*What the task asks*: Find the line below with "Hay unos problemas" and the line with "- Multifunzionale: smontare". Output them and the lines between, exactly, but not the pictures.

*Record set*:
[Start of Attachment]

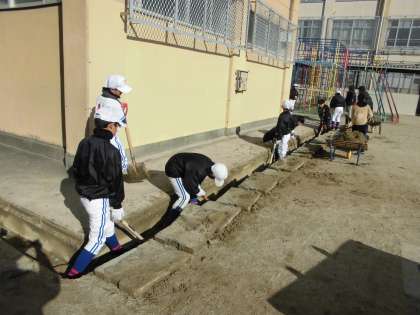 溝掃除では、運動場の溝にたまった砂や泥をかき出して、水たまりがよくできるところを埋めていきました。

[End of Attachment]
[Start of Attachment]

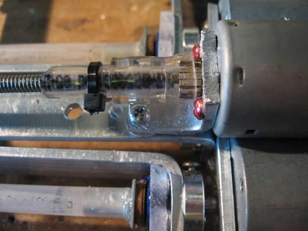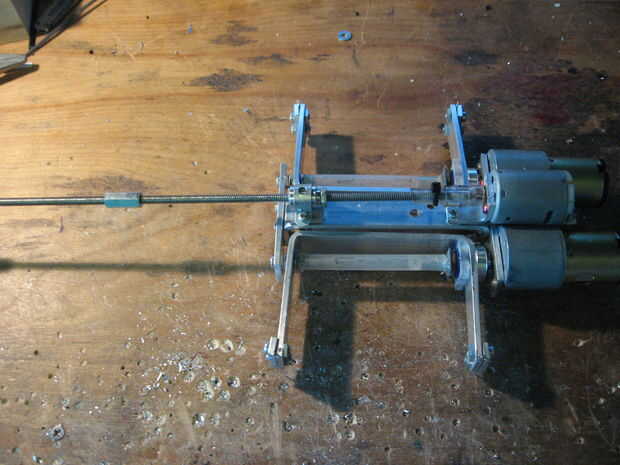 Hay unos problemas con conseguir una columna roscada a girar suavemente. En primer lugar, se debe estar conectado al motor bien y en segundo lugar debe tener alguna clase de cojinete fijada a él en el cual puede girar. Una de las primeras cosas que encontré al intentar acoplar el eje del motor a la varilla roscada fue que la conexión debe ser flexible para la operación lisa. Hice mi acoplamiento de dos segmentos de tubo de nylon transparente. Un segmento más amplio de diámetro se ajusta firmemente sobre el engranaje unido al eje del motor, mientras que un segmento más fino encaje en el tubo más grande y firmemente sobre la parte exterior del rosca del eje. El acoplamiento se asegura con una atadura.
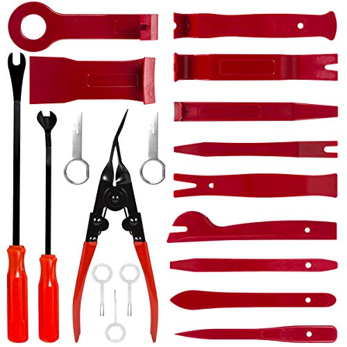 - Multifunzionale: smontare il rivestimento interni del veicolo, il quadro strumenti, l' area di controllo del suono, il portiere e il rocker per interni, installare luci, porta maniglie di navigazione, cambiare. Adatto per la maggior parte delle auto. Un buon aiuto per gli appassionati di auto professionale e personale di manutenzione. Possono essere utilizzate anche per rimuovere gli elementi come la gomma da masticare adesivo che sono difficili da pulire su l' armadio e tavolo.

[End of Attachment]

*Response area*:
 Hay unos problemas con conseguir una columna roscada a girar suavemente. En primer lugar, se debe estar conectado al motor bien y en segundo lugar debe tener alguna clase de cojinete fijada a él en el cual puede girar. Una de las primeras cosas que encontré al intentar acoplar el eje del motor a la varilla roscada fue que la conexión debe ser flexible para la operación lisa. Hice mi acoplamiento de dos segmentos de tubo de nylon transparente. Un segmento más amplio de diámetro se ajusta firmemente sobre el engranaje unido al eje del motor, mientras que un segmento más fino encaje en el tubo más grande y firmemente sobre la parte exterior del rosca del eje. El acoplamiento se asegura con una atadura.
 - Multifunzionale: smontare il rivestimento interni del veicolo, il quadro strumenti, l' area di controllo del suono, il portiere e il rocker per interni, installare luci, porta maniglie di navigazione, cambiare. Adatto per la maggior parte delle auto. Un buon aiuto per gli appassionati di auto professionale e personale di manutenzione. Possono essere utilizzate anche per rimuovere gli elementi come la gomma da masticare adesivo che sono difficili da pulire su l' armadio e tavolo.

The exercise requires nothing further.